» What the exercise asks: Print the data verbatim. Leave every image out.
*** Block opens ***
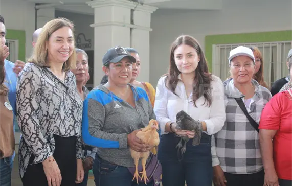 Cada jefa de familia fue beneficiada con un paquete que consta de 22 aves (20 hembras y dos machos) tres bolsas de alimento de 40 kilogramos, un sobre de antibiótico y cinco variedades de semillas para la siembra de hortalizas.
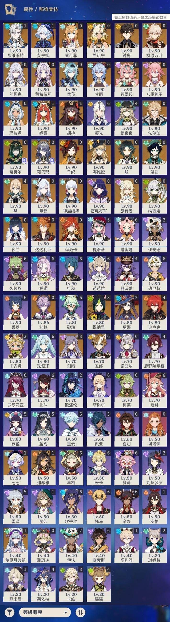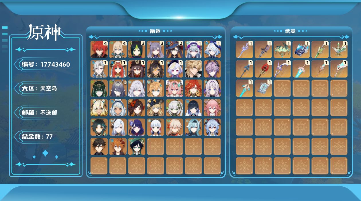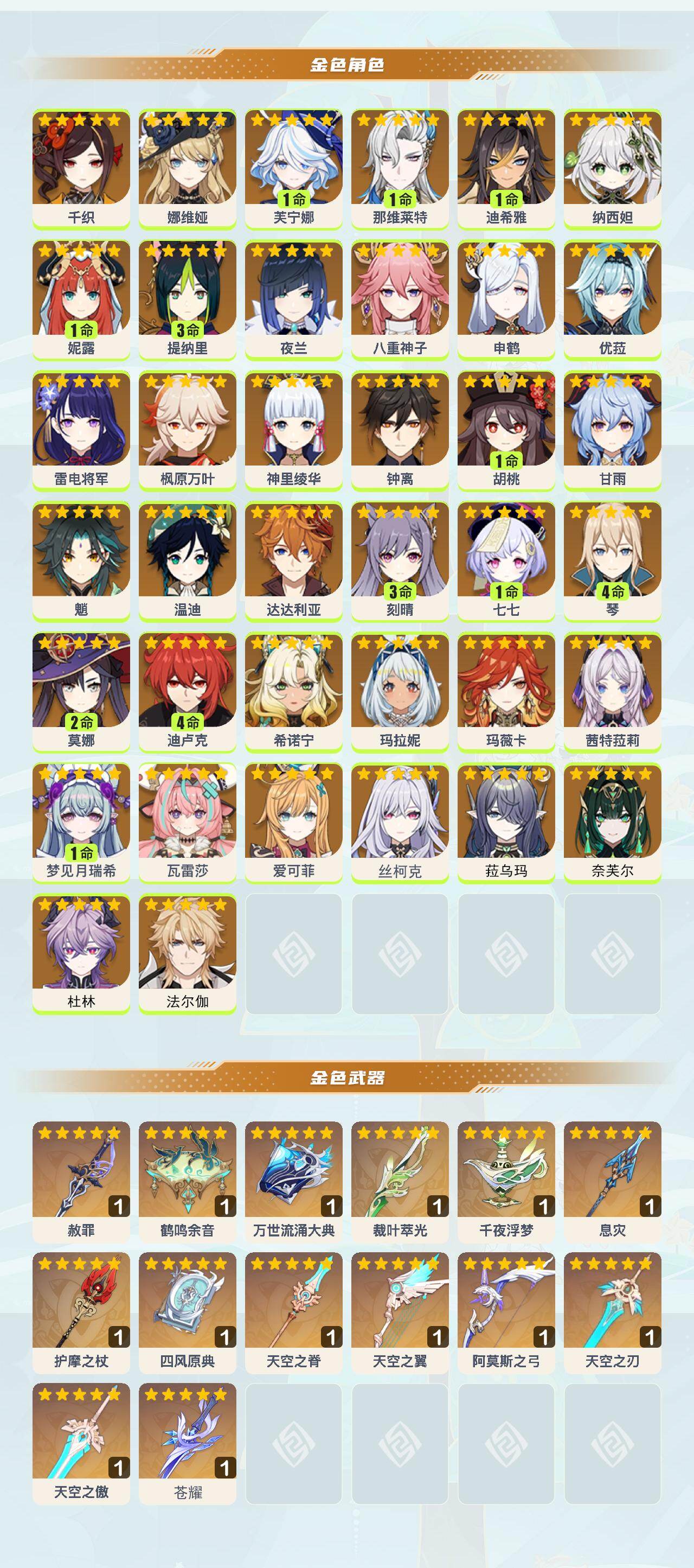 0命千织,0命娜维娅,1命芙宁娜,1命那维莱特,1命迪希雅,0命纳西妲,1命妮露,3命提纳里,0命夜兰,0命八重神子,0命申鹤,0命优菈,0命雷电将军,0命枫原万叶,0命神里绫华,0命钟离,1命胡桃,0命甘雨,0命魈,0命温迪,0命达达利亚,3命刻晴,1命七七,4命琴,2命莫娜,4命迪卢克,0命希诺宁,0命玛拉妮,0命玛薇卡,0命茜特菈莉,1命梦见月瑞希,0命瓦雷莎,0命爱可菲,0命丝柯克,0命菈乌玛,0命奈芙尔,0命杜林,0命法尔伽,精1赦罪,精1鹤鸣余音,精1万世流涌大典,精1裁叶萃光,精1千夜浮梦,精1息灾,精1护摩之杖,精1四风原典,精1天空之脊,精1天空之翼,精1阿莫斯之弓,精1天空之刃,精1天空之傲,精1苍耀
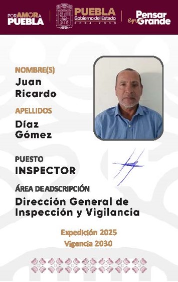• Nombre completo de la Persona Servidora pública autorizada para realizar inspecciones, verificaciones o visitas domiciliarias: Juan Ricardo Díaz Gómez
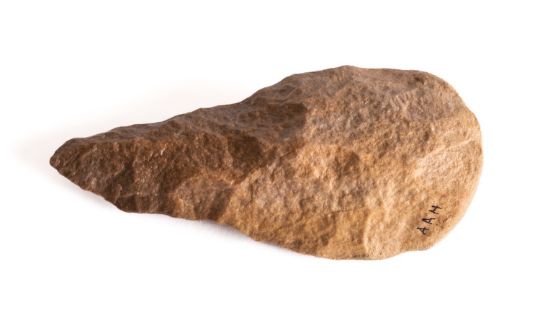 A Neolithic, Lower Palaeolithic quartzite hand axe, circa 300,000 years old; with museum accession code AAH12 to one side; 17.5cm long.PROVENANCE: Sands of Time, Washington D.C., USA, where the piece was described as Acheulian. Previously the Collection of Harold Hess, Virginia, USA.NOTE. Interestingly, whilst the hand axe was sold by the Washington DC dealer as being Acheulian, and therefore circa 70,000 years old, later correspondence with the British Museum (included with the lot) suggests a far earlier date of between 800,000 and 300,000 years
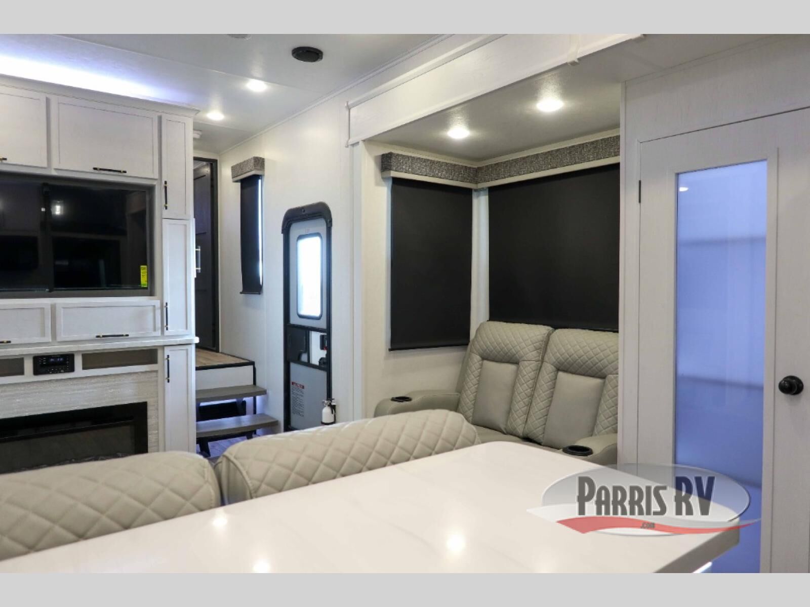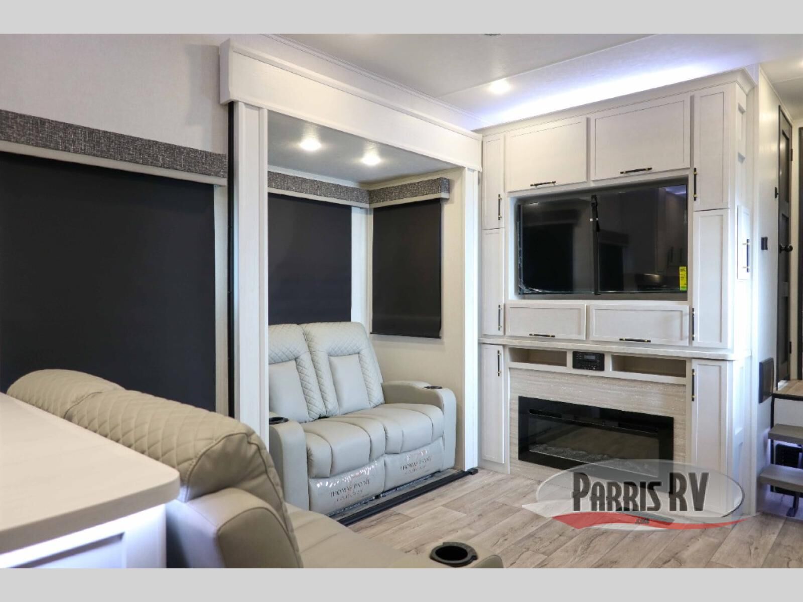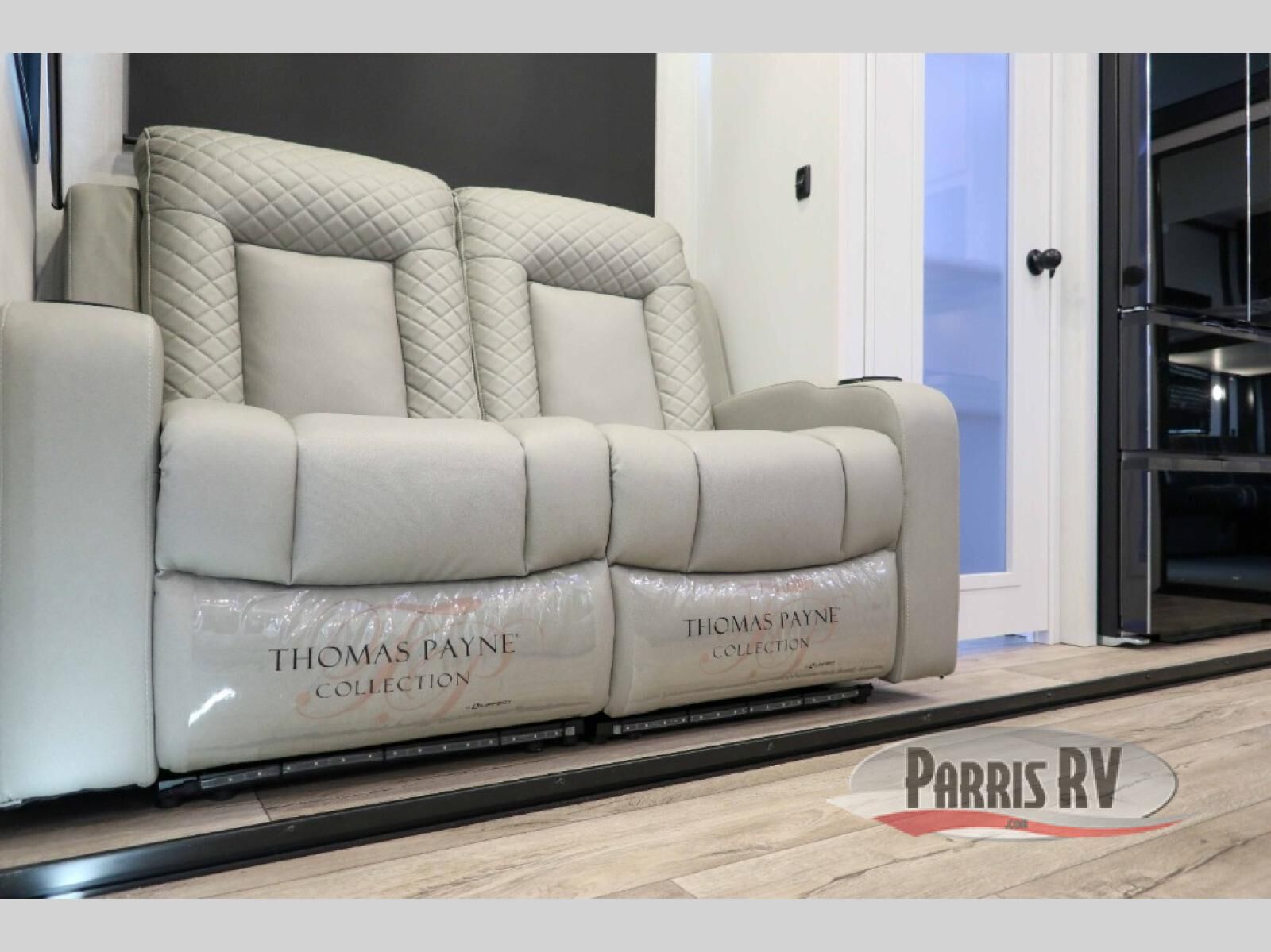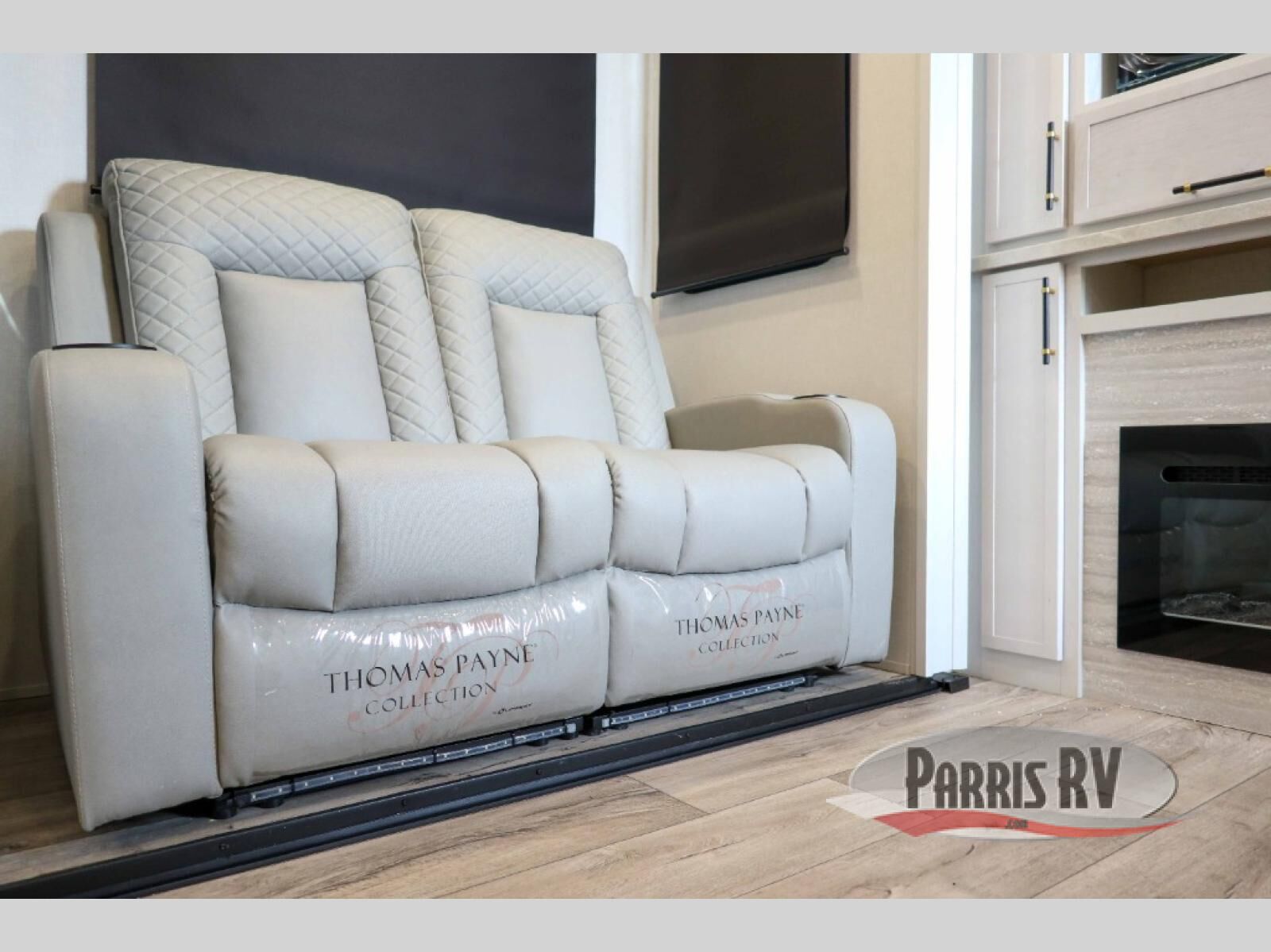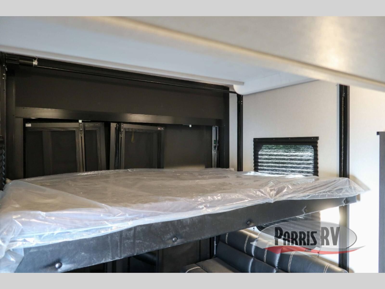 This Voltage toy hauler is going to get you pumped to start traveling! You will have your own master suite in the front which has private access to the dual-entry bathroom, and you can offer a guest suite with half bathroom, power bunk, sofas, TV, and exterior entry to your friends or family. A loft bed adds even more sleeping space, and you'll have a great relaxation area with the three sofas in the main living room. A pantry sits next to the 18-cubic foot refrigerator for food storage, and the rest of the kitchen appliances will help you prepare dinner in a flash.
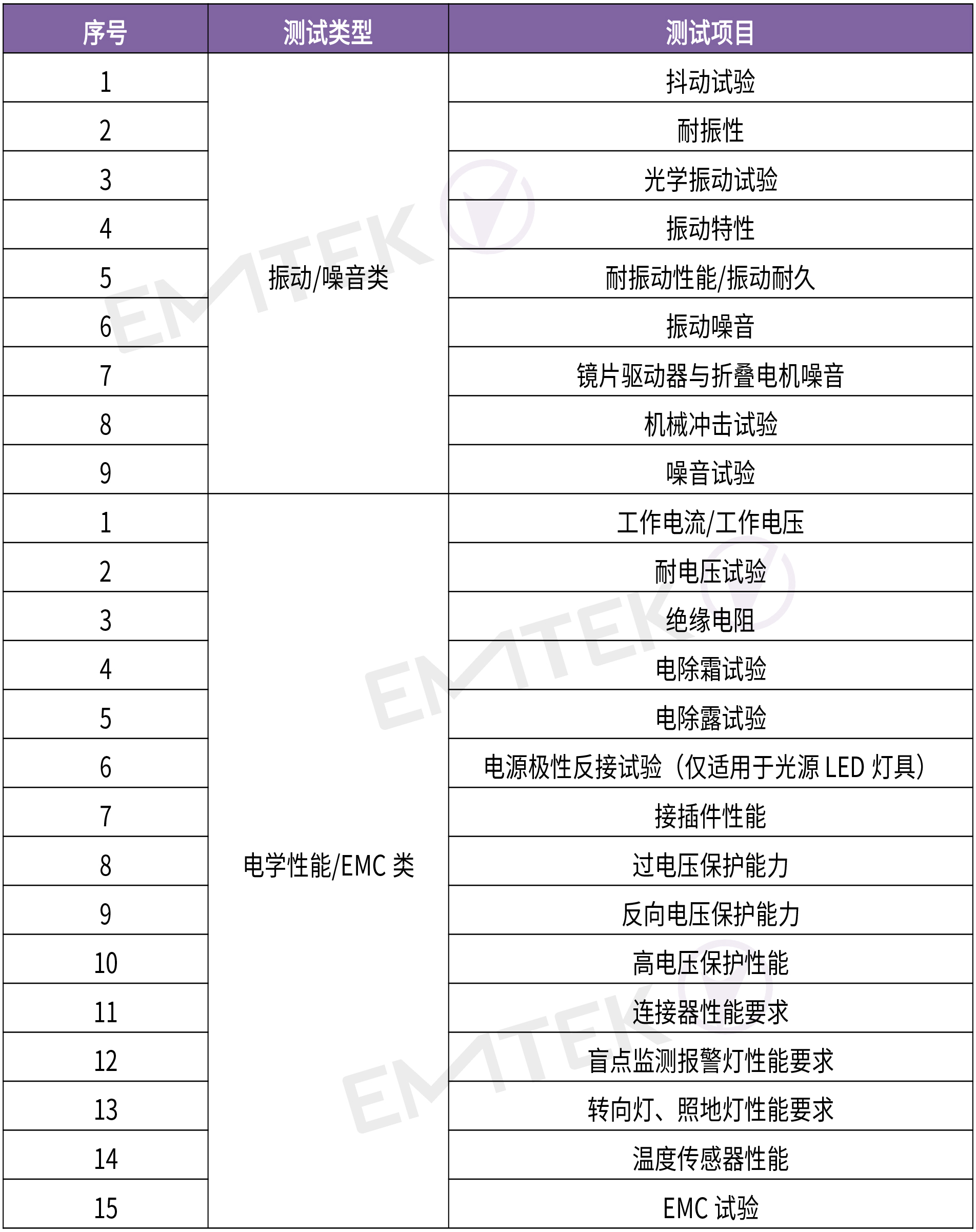 3. 電學試驗:考核后視鏡及其相關(guān)電器件(如轉(zhuǎn)向燈等)環(huán)境和功能試驗前后的電學性能,驗證其是否能正常使用;
*** Block closes ***
» Final answer:
 Cada jefa de familia fue beneficiada con un paquete que consta de 22 aves (20 hembras y dos machos) tres bolsas de alimento de 40 kilogramos, un sobre de antibiótico y cinco variedades de semillas para la siembra de hortalizas.
 0命千织,0命娜维娅,1命芙宁娜,1命那维莱特,1命迪希雅,0命纳西妲,1命妮露,3命提纳里,0命夜兰,0命八重神子,0命申鹤,0命优菈,0命雷电将军,0命枫原万叶,0命神里绫华,0命钟离,1命胡桃,0命甘雨,0命魈,0命温迪,0命达达利亚,3命刻晴,1命七七,4命琴,2命莫娜,4命迪卢克,0命希诺宁,0命玛拉妮,0命玛薇卡,0命茜特菈莉,1命梦见月瑞希,0命瓦雷莎,0命爱可菲,0命丝柯克,0命菈乌玛,0命奈芙尔,0命杜林,0命法尔伽,精1赦罪,精1鹤鸣余音,精1万世流涌大典,精1裁叶萃光,精1千夜浮梦,精1息灾,精1护摩之杖,精1四风原典,精1天空之脊,精1天空之翼,精1阿莫斯之弓,精1天空之刃,精1天空之傲,精1苍耀
• Nombre completo de la Persona Servidora pública autorizada para realizar inspecciones, verificaciones o visitas domiciliarias: Juan Ricardo Díaz Gómez
 A Neolithic, Lower Palaeolithic quartzite hand axe, circa 300,000 years old; with museum accession code AAH12 to one side; 17.5cm long.PROVENANCE: Sands of Time, Washington D.C., USA, where the piece was described as Acheulian. Previously the Collection of Harold Hess, Virginia, USA.NOTE. Interestingly, whilst the hand axe was sold by the Washington DC dealer as being Acheulian, and therefore circa 70,000 years old, later correspondence with the British Museum (included with the lot) suggests a far earlier date of between 800,000 and 300,000 years
 This Voltage toy hauler is going to get you pumped to start traveling! You will have your own master suite in the front which has private access to the dual-entry bathroom, and you can offer a guest suite with half bathroom, power bunk, sofas, TV, and exterior entry to your friends or family. A loft bed adds even more sleeping space, and you'll have a great relaxation area with the three sofas in the main living room. A pantry sits next to the 18-cubic foot refrigerator for food storage, and the rest of the kitchen appliances will help you prepare dinner in a flash.
 3. 電學試驗:考核后視鏡及其相關(guān)電器件(如轉(zhuǎn)向燈等)環(huán)境和功能試驗前后的電學性能,驗證其是否能正常使用;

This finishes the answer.